Via a popular way of going public, founding partners can enjoy whopping capital gains without the usual tax bite. Investors may be less than happy about it, though.
By Robert Willens - CFO.com
When a partnership goes to the public market for funding, and the offering is successful, the founding partners can enjoy a huge capital gain. But "enjoy" is not exactly the right word for how those founders are likely to feel about the taxes spawned by those gains.
By means of a popular going-public technique called a tax receivable agreement (TRA), however, the founding shareholders can enjoy hefty tax benefits. TRAs increase the tax liability of a new public company by removing a tax asset from the shareholders.

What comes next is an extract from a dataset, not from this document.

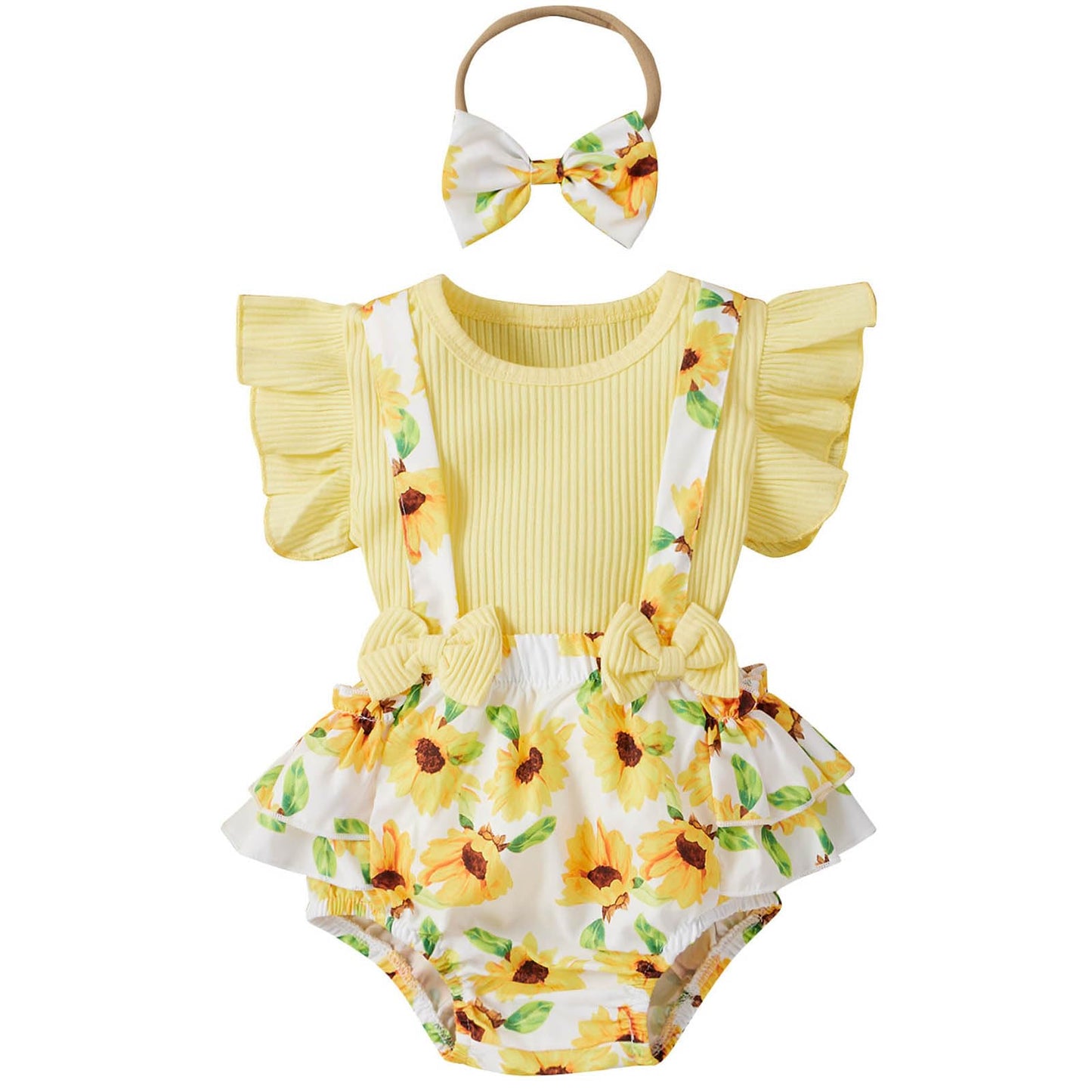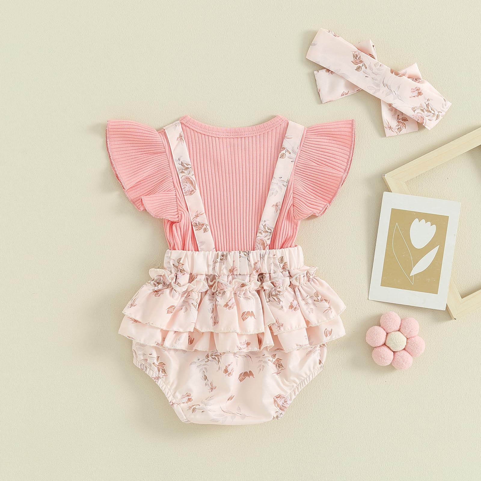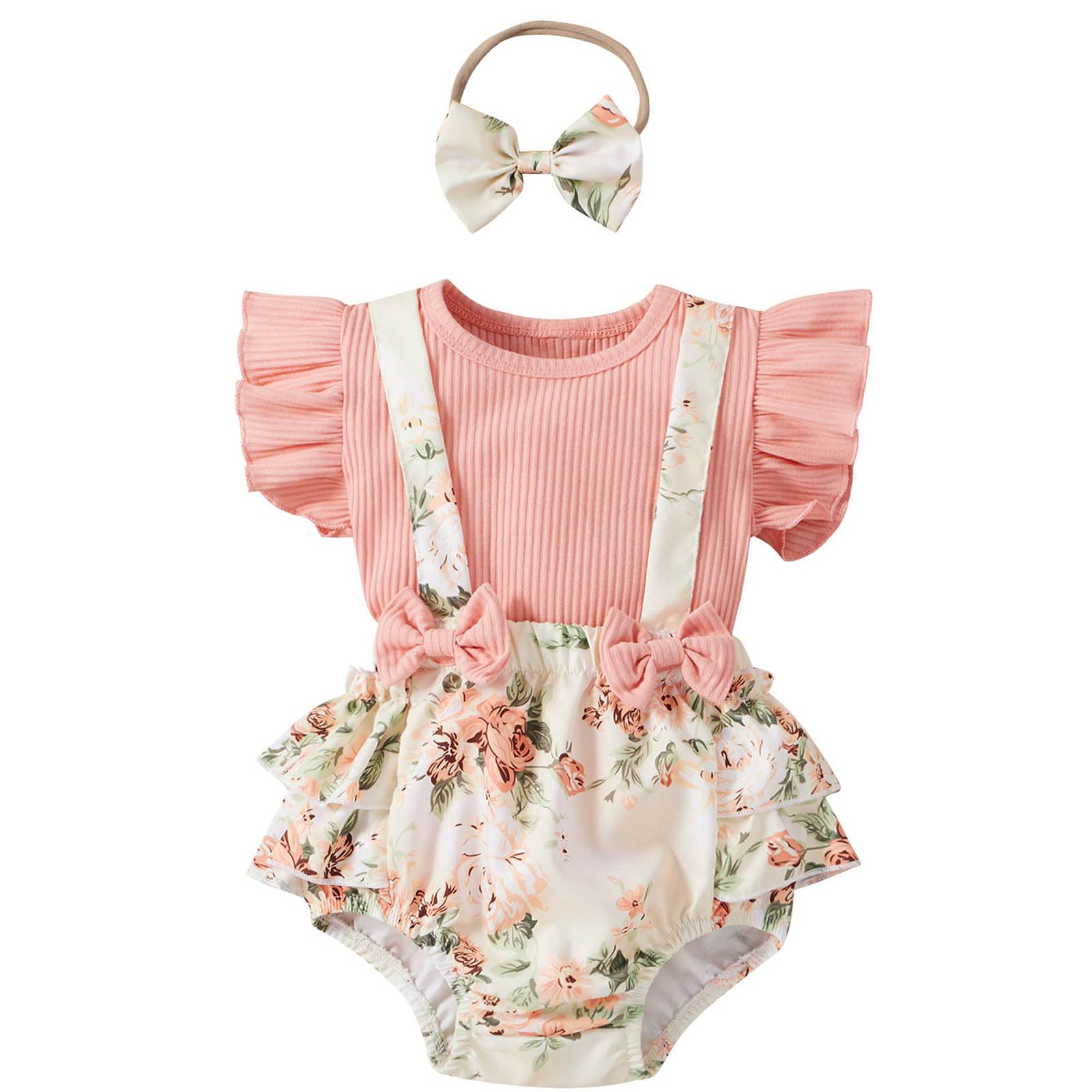 Mubineo Baby Girl Summer Clothes Romper Dress Outfits Cute Ruffle Floral Overalls Skirt Sets Newborn Outfit

For their part, though, investors may find it hard to factor the effects of TRAs into their calculations of the price of the offering.
TRAs are often used in combination with an "Up-C structure." The Up-C structure enables companies to acquire assets by issuing operating partnership units. Those units may make it possible for the founding owners from whom the company acquires assets to defer recognizing taxable gains until the company disposes of those assets. For example, among many other entities, DynaVox employed this structure in connection with its initial public offering last year.
When a partnership transforms itself into a corporation to make a public offering of ownership interests, the newly formed corporation often becomes a partner in the "operating" partnership. The remaining units in the partnership also continue to be held by the founders of the business. In such cases, the founders will be awarded "high-vote" stock in the corporation — equity that enables them to maintain voting control over the corporation's affairs. For their part, public investors will acquire low-vote stock.
Sometimes the IPO's proceeds will be used by the corporation to buy partnership interests from the founders. In addition, the founders will typically acquire an "exchange right" entitling them to trade partnership interests for low-vote shares issued by the corporation. When these exchanges are separate from the incorporation, they're taxable to the founders because immediately after the exchange the founders aren't in control of the corporation.
But the founders can gain a tax benefit through the use of a TRA. Each time the corporation buys a partnership interest in the partnership, or acquires an interest in a taxable exchange for its stock, the corporation's taxable income derived from the partnership will be diminished (because the purchase increases the amount of amortization and depreciation deductions the purchasing partner will enjoy) and, correspondingly, its tax liabilities will be minimized.
To be sure, the fruits of such purchases clearly "belong" to the corporation. After all, the corporation paid a price for the partnership interests that reflected their value. But the TRA, which is almost standard operating procedure in these types of incorporations, shifts the tax benefits to the persons who transferred the partnership interests to the corporation.
The TRA DynaVox is operating under is quite representative. Thus, the TRA in that case provides that ". . .we will enter into a TRA with our existing owners (the founders) that will provide for the payment by [the company] to our existing owners of 85 percent of the (tax) benefits that [the company] is deemed to realize as a result of the current tax basis in the intangible assets of. . . (the partnership) and the increases in basis resulting from our purchases or exchanges. . . ." The corporation goes on to say that these payments will be "substantial."
TRAs may be fully legal; however, the entire import of these agreements in the price of an IPO might not be fully appreciated by all investors. To the extent the TRAs are not taken into account by such shareholders, they may lead to market inefficiencies.
Robert Willens, founder and principal of Robert Willens LLC, writes a biweekly tax column for CFO.com.